南北の軸上に重要な建物が並んでいる。(p.111.)

 

として、牌楼(はいろう)、山門以下、五つの主殿の名称と安置されている仏像について簡単にコメントしますが、左右(東西)の建物には言及がなく、当然、「四合院」の語は一切登場しません。北海公園瓊華(けいか)島の永安寺についての描写はこうです。

 

山門をくぐると丘の斜面にいくつかの建物が階段状に配置されており、頂上まで登ると白塔がある。(p. 143.)

 

 前ページで引用した楼慶西『中国歴史建築案内』(2008年、TOTO出版)は、伽藍の「四合院」様式については、少し説明がありますが(pp. 128-29.)、伽藍の平面図は一件も掲載されていませんでした。中国の建築家にとっては、あまりにも当たり前のことであり、いまさら説明するほどのことではないのかもしれません。しかし、日本の建築家や歴史家、仏教解説者たちは、ほとんど(すくなくとも一般向けの解説書・案内書では、まったく)寺院の四合院構造について言及することはありません。
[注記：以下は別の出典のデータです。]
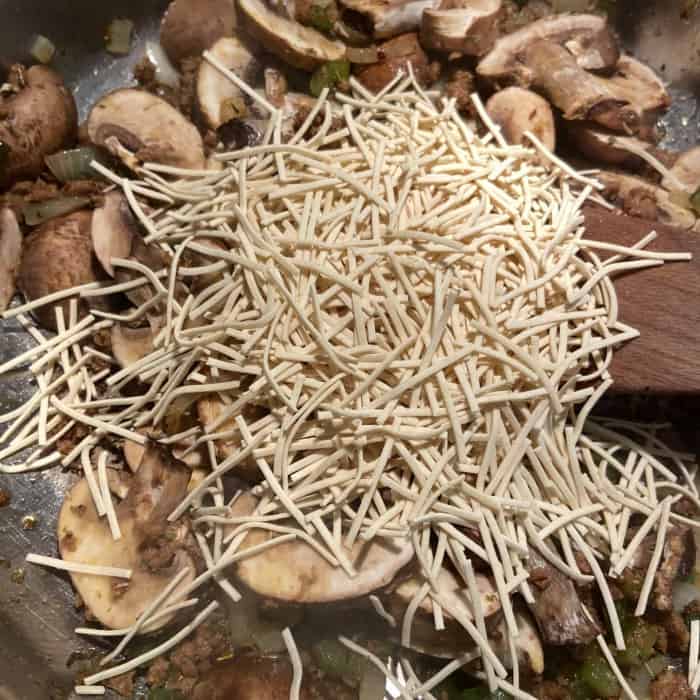 - Die ganze Packung Mie-Nudeln nehmen (250 Gramm, auf vegane Variant achten)

 下左の写真は、チベット仏教寺院・雍和宮の伽藍の鳥瞰写真です(李衛峰『雍和宮』2008年、China Intercontinental Press, p. 10.)。下右は、現地の案内看板の鳥瞰図です。左の航空写真には、右の案内図の①牌楼〔入り口のゲート〕と②中庭は写っていません。一番下に写っているのは、案内図④の昭泰門です。

(どちらもクリックして開いた写真をさらにクリックすると、拡大表示されます。案内看板の写真を拡大すると、建物の番号を読み取って、その下の案内表示から建物の名称がわかります。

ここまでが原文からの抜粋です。